To examine the impact of PSGs as a potential biomarker, Cox proportional hazards regression analysis was performed on two feature sets of PSG data in the TCGA LUAD: (a) the original gene expression values (continuous) and (b) binarized data as ‘no expression’ or ‘expression’ (coded as 0 and 1, respectively) as indicated with a prefix ‘b’. In the binarized feature set, an additional feature denoted as ‘bPSG (3 + 7 + 8)’ was added by coding a tumor sample in which all PSG3, PSG7, and PSG8 genes had no expression as 0 and otherwise 1. In the female group, univariate Cox regression analysis yielded marginal statistical significance for PSG4 (hazard ratio [HR] = 1.08, P = .0433) and PSG9 (HR = 1.14, P = .0494) on the original gene expression values (Fig. 4(C)). Interestingly, increased statistical significance was observed on the binarized features including bPSG3 (HR = 1.97, P = .0017), bPSG8 (HR = 1.85, P = .0118), bPSG9 (HR = 1.98, P = .0019), and bPSG (3 + 7 + 8) (HR = 2.45, P = 2E-05). Multivariate Cox regression analysis was performed on statistically significant features identified in univariate Cox regression analysis but excluding bPSG3 and bPSG8 because bPSG (3 + 7 + 8) likely includes redundant information from bPSG3 and bPSG8; bPSG (3 + 7 + 8) was highly correlated with bPSG3 and bPSG8, with Rs = 0.90 (P < .0001) and Rs = 0.64 (P < .0001), respectively. In multivariate Cox regression analysis using PSG4, PSG9, bPSG9, and bPSG (3 + 7 + 8), only bPSG (3 + 7 + 8) had statistical significance with P = .0010 (HR = 2.16). In the male group, univariate Cox regression analysis yielded statistical significance for PSG2 (HR = 2.39, P = .0023), bPSG1 (HR = 1.66, P = .0495), and bPSG2 (HR = 2.58, P = .0078). However, no statistically significant feature was found in multivariate Cox regression analysis with the three features (Supplemental Table 1).

CIBERSORT analysis

To explore the possible relationship between PSGs and tumor immune landscape, CIBERSORT analysis was performed by assessing differences in estimated tumor immune cell abundance between the PSG+ and PSG− groups in TCGA female LUAD patients (grouped by the signature of PSG3, PSG7, and PSG8 as shown in Fig. 4(a)). Note that a tumor sample in which PSG3, PSG7, and PSG8 had no expression was defined as PSG− and otherwise was defined as PSG+. Of the 22 immune cell types in CIBERSORT, seven obtained statistical significance including CD4 memory activated T cells (FDR = 0.0031), CD8 T cells (FDR = 0.0034), M1 macrophages (FDR = 0.0074), and M0 macrophages (FDR = 0.0136) with higher abundance in the PSG+ group and CD4 memory resting T cells (FDR = 0.0046), resting mast cells (FDR = 0.0127), and resting dendritic cells (FDR = 0.0136) with higher abundance in the PSG− group (Fig. 4(D)).

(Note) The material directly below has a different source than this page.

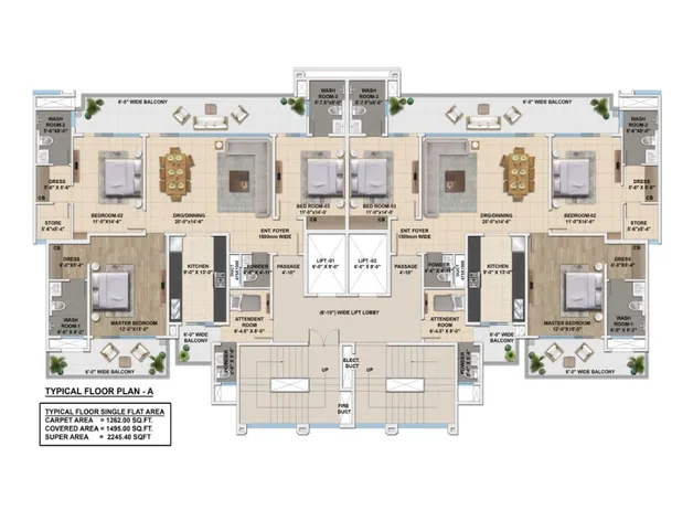 F Towers Mohali offers a variety of floor plans to suit different lifestyles and preferences. From 1-bedroom apartments to expansive 4-bedroom units, there are options for singles, couples, and families. Each unit is designed to maximize space and comfort, featuring open layouts and modern designs.

Biological pathway analysis

To broadly investigate whether PSGs were related to the change of biological pathways, differential gene expression analysis between the PSG+ and PSG− groups in TCGA female LUAD patients (grouped by the signature of PSG3, PSG7, and PSG8 as shown in Fig. 4(a)) was performed on RNA-Seq expression profiles downloaded from the UCSC Xena database [13]. With a log2 fold change >2 and an FDR < 0.05, 266 genes were identified (Supplemental Table 2). Gene ontology analysis was then performed using the Molecular Signatures Database (MSigDB) hallmark gene set [22]. Of the total 50 pathways analyzed, only the ‘KRAS Signaling Down’ pathway, consisting of the gene set downregulated upon KRAS activation, showed statistical significance (P = .0008, FDR = 0.0178). Gene set enrichment analysis (GSEA) was further conducted on the pathway, using a set of genes with FDR < 0.05, which yielded a normalized enrichment score (NES) of 1.503, indicating that the pathway was enriched by upregulated genes in the PSG+ group (Fig. 4(e)). We then asked if this pattern (a statistically significant alteration of the ‘KRAS Signaling Down’ pathway between the PSG+ and PSG− groups in female LUAD patients grouped by the signature of PSG3, PSG7, and PSG8) is present in other TCGA cancer datasets. Interestingly, thyroid cancer alone was found to have a similar statistical significance for the ‘KRAS Signaling Down’ pathway (P < .0001, FDR < 0.0001) in the PSG+ versus PSG− groups.

Network analysis using the Wasserstein distance

To characterize the biological similarity of genes known to have close interactions with the PSGs, we adopted a network analysis approach. Modeling was conducted on a PPI network that consists of the 10 PSG genes and their 54 interacting genes derived from the STRING database [17]. Figure 5(a) illustrates the resulting PPI network. Prior to the analysis, patients with follow-up time less than the median follow-up time (1.8 years) were excluded, which left 254 patients with 114 male (78 alive and 36 deceased) and 140 female patients (89 alive and 51 deceased) in the TCGA LUAD.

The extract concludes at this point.